Human-in-the-loop scales with consequence, not with capability. Eric's framing was practical: internal actions (drafting, updating a doc, a Slack message) can run with more autonomy because the blast radius is small. External actions—spending money, launching a campaign, changing targeting—need a human checkpoint before commitment, regardless of how confident you are in the model. "Should it" gets answered by what happens if it's wrong, not by what it's capable of when it's right.

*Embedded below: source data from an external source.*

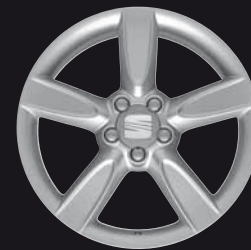
Das 18"-Leichtmetallrad „Draco“.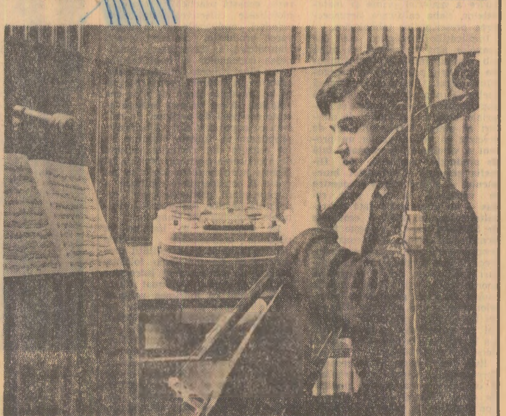
În Studioul de verificare și imprimări al Școlii de muzică nr. 2 din Capitală

matogra, prin intermediul unor casieri-remizeri numiți de ele și vor putea organiza în același timp spectacole la locul de muncă cu filmele preferate. În centrul orașului va fi înființată o agenție cinematografică unde vor fi puse la dispoziția spectatorilor bilete pentru oricare spectacol, acestea putînd fi procurate chiar și cu o săptămîină înainte de data solicitată. Cinematograful „Central” va fi profilat pe reluări valoroase, iar „Lucaefărul” va prezenta numai spectacole în avanspremieră, „Modern”, „Feroviar” și „Lumina” își vor alcătui fiecare reprezentanțele din două filme cuplate. La unele cinematografe vor rula săptămîni două sau trei filme, iar la altele materialele vor fi diferite de programul de după-amiază. Măsurile vin ca răspuns la doleanțele spectatorilor, precum și la propuneri făcute în presă.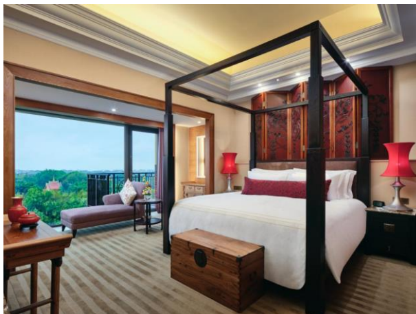
行政中式套房卧室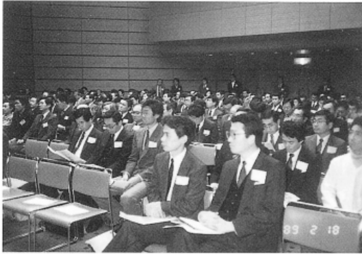
熱心に講義を受ける緑友の仲間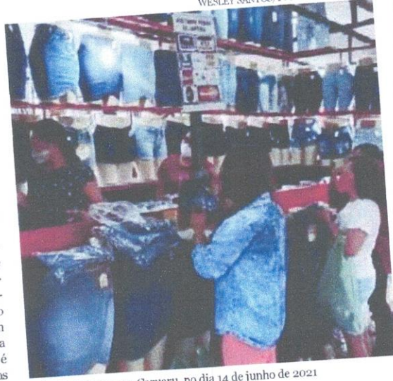
Feira da Sulanca, em Caruaru, no dia 14 de junho de 2021

Entidades, feirantes e empresários alertam para risco aos empregos e cobram isonomia tributária após fim da taxaço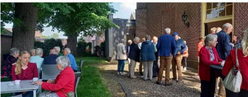
Na dienst was er tijd voor koffie en een praatje. En door het mooie weer kon dit buiten.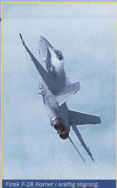
Finsk F-18 Hornet i kraftig stigning.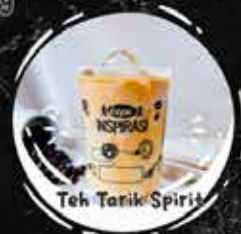
Teh Tarik Spirit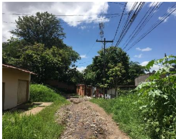
se observa el mal estado de la calle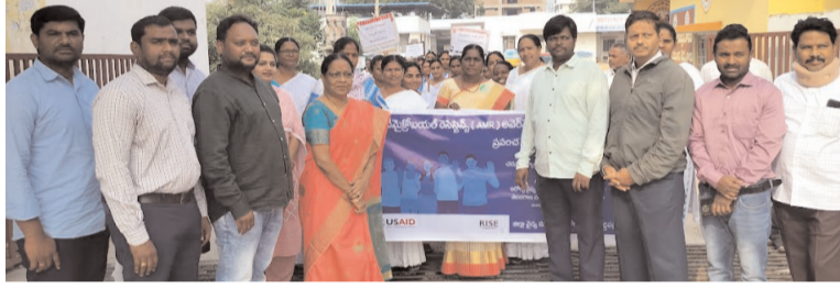
పెద్దపెల్లి టౌన్ నవంబర్ 24 అక్షరం స్యూస్:

... జెండా ఊపి ప్రారంభించిన నా వైద్య ఆరోగ్యశాఖ అధికారి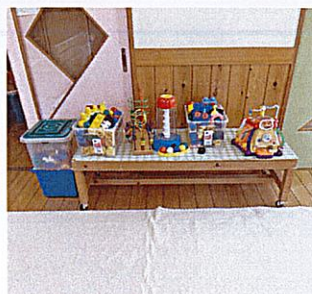
ブロック遊びゾーン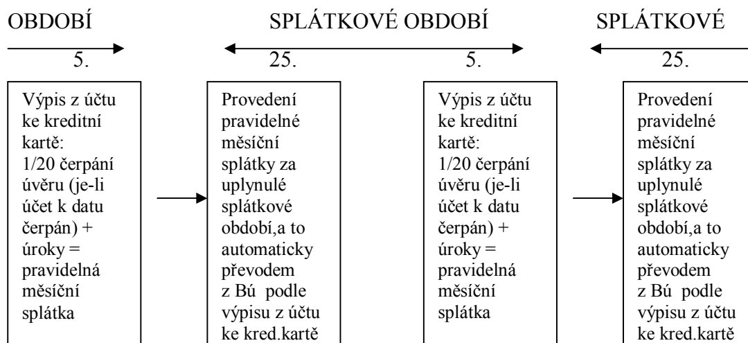
Obrázek 1 – Splátkové období

O splacenou část úvěrového rámce se automaticky zvyšuje částka, kterou může klient znovu čerpat – čím více splácí, tím více může opět čerpat. Kreditní úroková sazba je 0,40.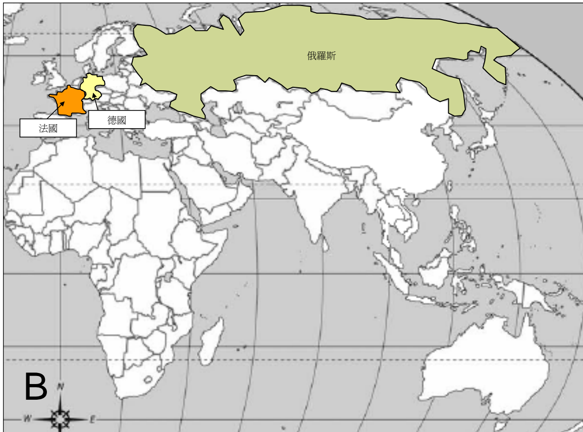
(A) 自 2004 年 1 月起人類感染 H5N1 禽流感的情況(截至 2007 年 9 月 8 日) 及 (B) 於 2007 年 8 月 8 日至 2007 年 9 月 8 日期間鳥類間爆發禽流感的情況。

禽流感疫情週報 是由衛生防護中心呼吸疾病辦事處於啓動流感爆發應變計劃中的戒備應變級別時，每星期出版的報告。本報告目的是報告一些國際上有關禽流感應變及控制的重要發展及監察全球禽流感在人類及鳥類間的活動。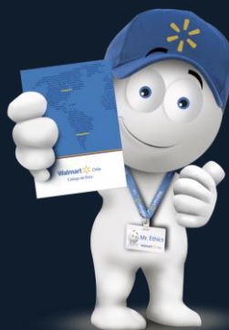
Entrenamiento On line Ética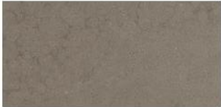
Warm Grey G40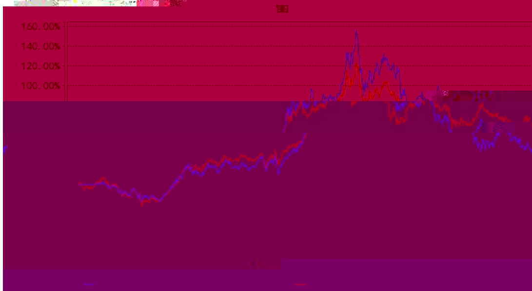
长信消费精选量化股票A累计净值增长率与同期业绩比较基准收益率的历史走势对比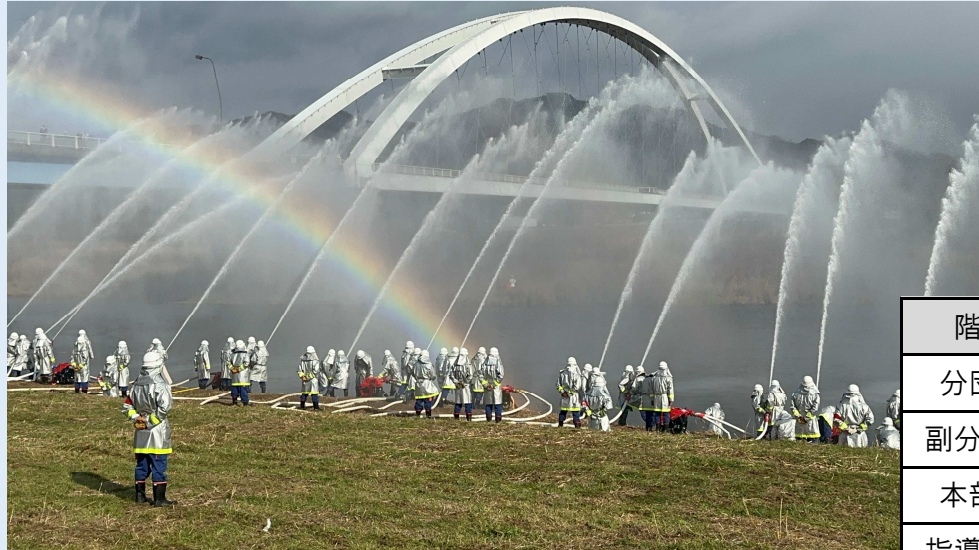
2024年出初の放水風景

水害から守るために、様々な訓練を計画的に実施されています。今回で最終回、本部と第1部 猪崎・城山・下猪崎・中村団地で活躍されている皆様を紹介いたします。（敬称略）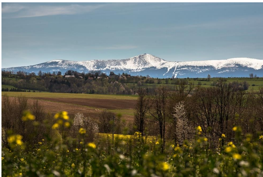
Śnieżka widziana z Gór Kaczawskich (okolice Bystrzycy). Śnieżka

Kraków 18°C Kielce 18°C Rzeszów 19°C Zakopane 15°C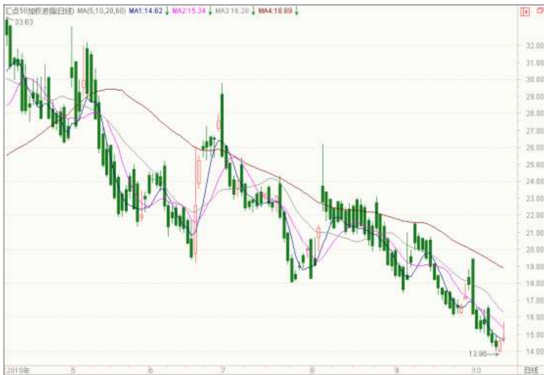
图表 13：来自汇点 50 加权波指变化图

11 月平值认购期权标准合约“50ETF 购 11 月 3000”隐含波动率为 12.29%；11 月平值认沽期权标准合约“50ETF 沽 11 月 3000”隐含波动率为 15.44%。 以下也提供来自汇点软件的汇点 50 加权波指变化图，可分析参考。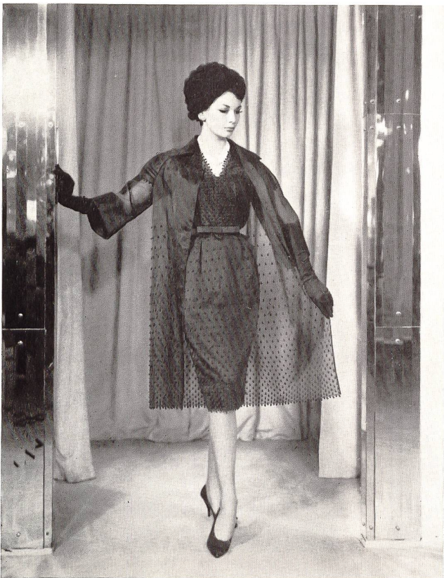
Organdi de soie bleu marine brodé de pois en relief Navy blue silk organdie with embroidered raised spots Modèle Norman Hartnell, Londres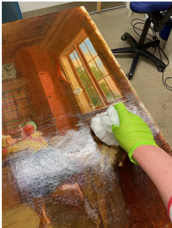
Påförande av ny fernissa.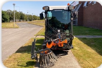
Brosse à mauvaises herbes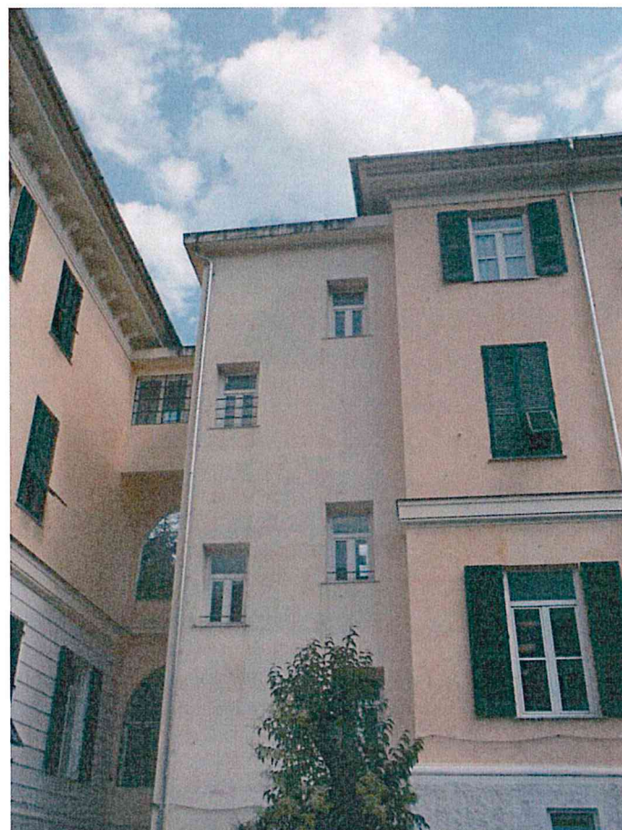
Foto 28-29 – immagini dell'edificio "gemello" del complesso posto a levante rispetto all'edificio centrale. In questo intervento lo stollato è stato esteso a tutto il piano terra fino al motivo decorativo marcapiano. Il corpo laterale rientrante è stato colorato con tono più chiaro.

AI should scale expertise, not replace judgment. This came up directly on the classification and creative enrichment side—the frontier model is available to everyone, the differentiator is what you feed it and how you validate it. That's the core "should" principle: AI's job is to make good human judgment operate at scale, not to substitute for it. The moment you're using AI to skip the judgment entirely rather than extend it, you've crossed from "can" into territory nobody actually vetted.
Brand authenticity as a boundary, not just a preference. Matt's answer on brand voice applies more broadly: AI can get you scale, speed, and depth, but it shouldn't cost you the human authenticity that earns trust in the first place. That's as true for internal AI use (don't let an agent's output replace your actual point of view) as it is for external-facing content.
If there's a single unifying answer: responsible AI use, in the way MediaRadar's building it, means defining the sandbox before you build the capability—deciding what an agent is allowed to touch and how much human judgment stays in the loop, before you optimize for what it's technically able to do.